ILCE-7RM2_wFE35F14Z_right

Bersamaan dengan itu, Sony A7R II juga diklaim memiliki sistem autofocus yang 40% lebih cepat berkat kehadiran 399 titik phase detection AF. Pada mode continuous shooting, ia bisa menjepret gambar dengan resolusi maksimum pada kecepatan 5 fps.

Yang menarik, Sony A7R II tidak cuma memikat buat para fotografer, tetapi juga para videografer. Ia bisa merekam video 4K 30 fps ‘murni’, dengan codec XAVC S dan bit rate 100 Mbps. Maksud kata ‘murni’ di sini adalah tanpa menjalani proses pixel binning, atau dengan kata lain, memanfaatkan seluruh penampang sensor full-frame dari ujung ke ujung untuk merekam video 4K.

Fitur menarik lain yang banyak dinanti-nanti adalah layar sentuh. Benar saja, Sony A7R II kini mengemas tilting LCD 3 inci beresolusi 1,23 juta dot yang dilengkapi panel sentuh. Menetapkan fokus pun kini bisa dilakukan hanya dengan menyentuh layar.

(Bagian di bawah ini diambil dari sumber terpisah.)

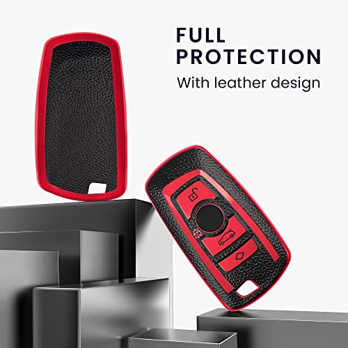 Kwmobile Cover Coprichiave Compatibile con BMW con 3 tasti controllo remoto (solo Keyless Go) - Foderina Chiave Auto Effetto Pelle - Bumper Antiurto e Protezione Tasti rosso/nero

Di atas LCD-nya, hadir electronic viewfinder (EVF) OLED beresolusi 2,36 juta dot. EVF ini disebut-sebut memiliki perbesaran yang paling tinggi, tepatnya di angka 0,78x. Wi-Fi dan NFC tentu saja tetap ada, lengkap dengan fungsi remote control dan dukungan PlayMemories Camera Apps.

ILCE-7RM2_rear

Di atas kertas, kamera ini sangatlah menarik. Ukuran sensornya belum tertandingi di kategori mirrorless, dan resolusinya juga salah satu yang tertinggi. Tidak kalah penting, Sony A7R II juga mengemas fitur-fitur yang mampu memikat perhatian para penggiat videografi 4K.

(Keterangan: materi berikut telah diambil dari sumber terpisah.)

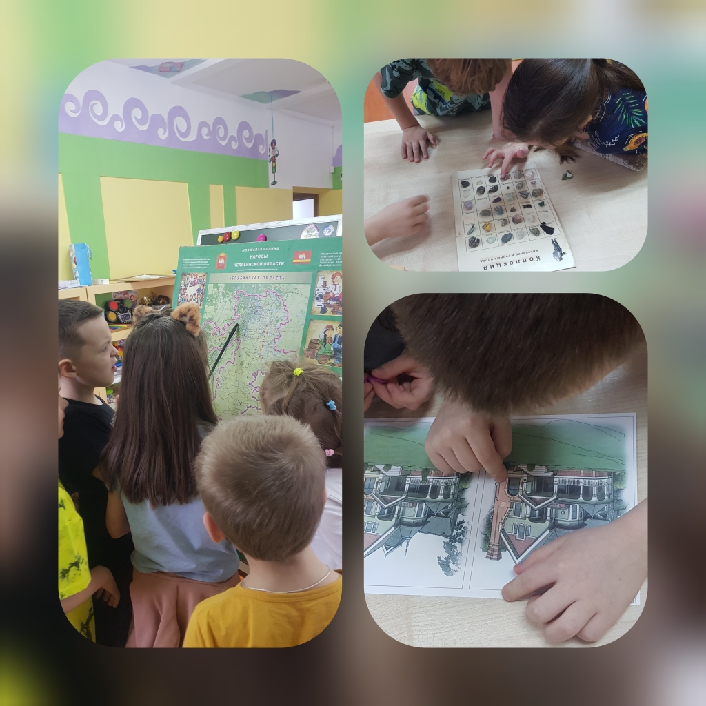 Ребята из группы "Почемучка" путешествовали по родному краю. Сначала изучили внимательно наш город Челябинск. Вспомнили все достопримечательности. Потом отправились знакомиться с парком "Таганай". Любовались видами, узнавали чем он богат. Познакомились с древним городом Аркаим, послушали легенды о нем. Играли в города и отмечали их на карте. Рассматривали гербы разных районов и узнавали интересные факты из их истории. Все увиденное, ребята изобразили в своих рисунках.

Tentu saja, semua fitur dan potensi di atas rata-rata ini juga harus Anda tebus dengan harga yang tidak biasa. Sony A7R II akan mulai dipasarkan pada bulan Agustus seharga $3.200 dalam wujud body only; Anda masih harus menambahkan dana untuk menggaet lensa yang kompatibel.